>>>>>

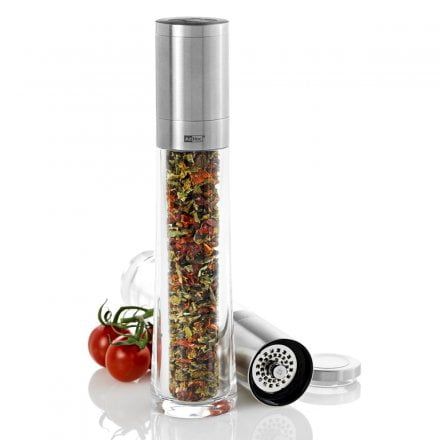 Aroma mlinček modernega dizajna s prozorno posodo vam omogoča, da takoj vidite, kaj je notri. Mlinček je idealen za mletje posušenih zelišč in začimb. Primerno za mletje kumine, koriandra, sezama in drugih. Rezervoar je izdelan iz akrila, ohišje pa iz nerjavečega jekla. Višina: 24,5 cm, premer: 5 cm.
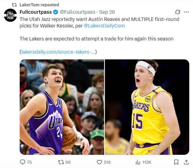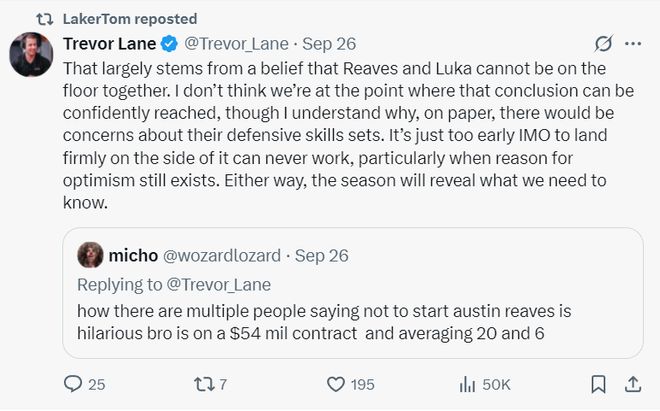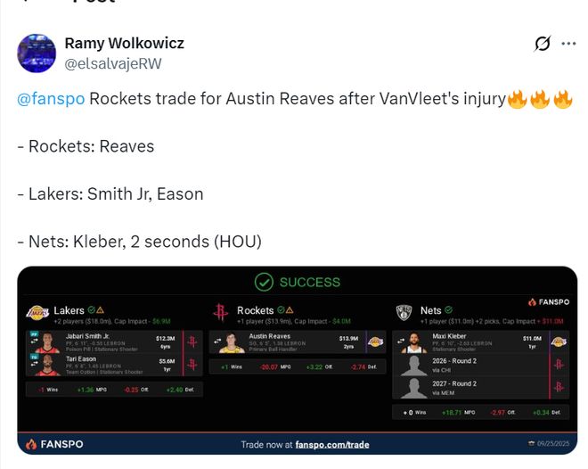 近日,NBA名宿霍里在播客节目中谈到卢卡-东契奇与奥斯汀-里夫斯不兼容的话题,他明确表态这两人都是持球手且防守端表现均不佳,湖人想要夺冠不可能将两个防守漏洞一同放在先发阵容,湖人最好的选择是交易掉场均20+6的里夫斯。 两天之前,根据湖人国度的报道,湖人与爵士可能重启关于凯斯勒的交易谈判,因为今夏爵士与凯斯勒的提前续约陷入僵局,如果湖人同意用里夫斯+3个首轮签换凯斯勒那么交易可能会达成。 随后有湖人球迷表达不满,但湖人记者Trevor Lane回应:主要原因是球迷们都认为里夫斯、东契奇不该同时留在场上,这两人同时在场让其余球员的防守压力过大,长此以往绝对不是好的选择,当然这种说法可能为时尚早。 在BR记者杰克-费舍尔报道火箭队与塔里-伊森的提前续约谈判也陷入僵局后,湖人媒体Laker Tom点赞,湖人大VYinoma2001还转推发了一个思考的表情包。 随后湖人媒体Ramy就建议了一套三方交易方案,他觉得这笔交易可以在12月15日后进行。 火箭得到:小贾巴里-史密斯、塔里-伊森; 火箭得到:奥斯汀-里夫斯; 篮网得到:马克斯-克勒贝尔、黄蜂2026年次轮签、灰熊2027年首轮签; 湖媒认为火箭队正缺少一个组织者,里夫斯可以扮演这样的角色,而且里夫斯还是一个进攻能力很强的后卫,他在火箭的防守体系下可以很好的被保护起来。而湖人队则得到一个顶级的3D侧翼与一个先发水准的空间型四号位,勒布朗的压力会大幅降低。(我个人觉得这种交易建议纯粹是打劫休斯顿火箭队) |
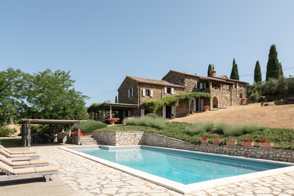 Nell’affascinante campagna Toscana,tra ulivi e vigneti una villa in pietra,in posizione strategica per cogliere i segreti di Toscana e Umbria aria condizionata e piscina con area wellness per il vostro relax e confort Villa Senaia è una grande casa con travi in ​​legno, in una splendida posizione in collina con vista idilliaca che affaccia su uno dei luoghi preferiti della campagna toscana, un ambiente attraente per mangiare all'aperto, bevendo vino toscano e ascoltando i grilli e le cicale

<<<<<

Problem statement »
Return all the data exactly, pictures omitted.

Written answer »
 Aroma mlinček modernega dizajna s prozorno posodo vam omogoča, da takoj vidite, kaj je notri. Mlinček je idealen za mletje posušenih zelišč in začimb. Primerno za mletje kumine, koriandra, sezama in drugih. Rezervoar je izdelan iz akrila, ohišje pa iz nerjavečega jekla. Višina: 24,5 cm, premer: 5 cm.
 近日,NBA名宿霍里在播客节目中谈到卢卡-东契奇与奥斯汀-里夫斯不兼容的话题,他明确表态这两人都是持球手且防守端表现均不佳,湖人想要夺冠不可能将两个防守漏洞一同放在先发阵容,湖人最好的选择是交易掉场均20+6的里夫斯。 两天之前,根据湖人国度的报道,湖人与爵士可能重启关于凯斯勒的交易谈判,因为今夏爵士与凯斯勒的提前续约陷入僵局,如果湖人同意用里夫斯+3个首轮签换凯斯勒那么交易可能会达成。 随后有湖人球迷表达不满,但湖人记者Trevor Lane回应:主要原因是球迷们都认为里夫斯、东契奇不该同时留在场上,这两人同时在场让其余球员的防守压力过大,长此以往绝对不是好的选择,当然这种说法可能为时尚早。 在BR记者杰克-费舍尔报道火箭队与塔里-伊森的提前续约谈判也陷入僵局后,湖人媒体Laker Tom点赞,湖人大VYinoma2001还转推发了一个思考的表情包。 随后湖人媒体Ramy就建议了一套三方交易方案,他觉得这笔交易可以在12月15日后进行。 火箭得到:小贾巴里-史密斯、塔里-伊森; 火箭得到:奥斯汀-里夫斯; 篮网得到:马克斯-克勒贝尔、黄蜂2026年次轮签、灰熊2027年首轮签; 湖媒认为火箭队正缺少一个组织者,里夫斯可以扮演这样的角色,而且里夫斯还是一个进攻能力很强的后卫,他在火箭的防守体系下可以很好的被保护起来。而湖人队则得到一个顶级的3D侧翼与一个先发水准的空间型四号位,勒布朗的压力会大幅降低。(我个人觉得这种交易建议纯粹是打劫休斯顿火箭队) |
 Nell’affascinante campagna Toscana,tra ulivi e vigneti una villa in pietra,in posizione strategica per cogliere i segreti di Toscana e Umbria aria condizionata e piscina con area wellness per il vostro relax e confort Villa Senaia è una grande casa con travi in ​​legno, in una splendida posizione in collina con vista idilliaca che affaccia su uno dei luoghi preferiti della campagna toscana, un ambiente attraente per mangiare all'aperto, bevendo vino toscano e ascoltando i grilli e le cicale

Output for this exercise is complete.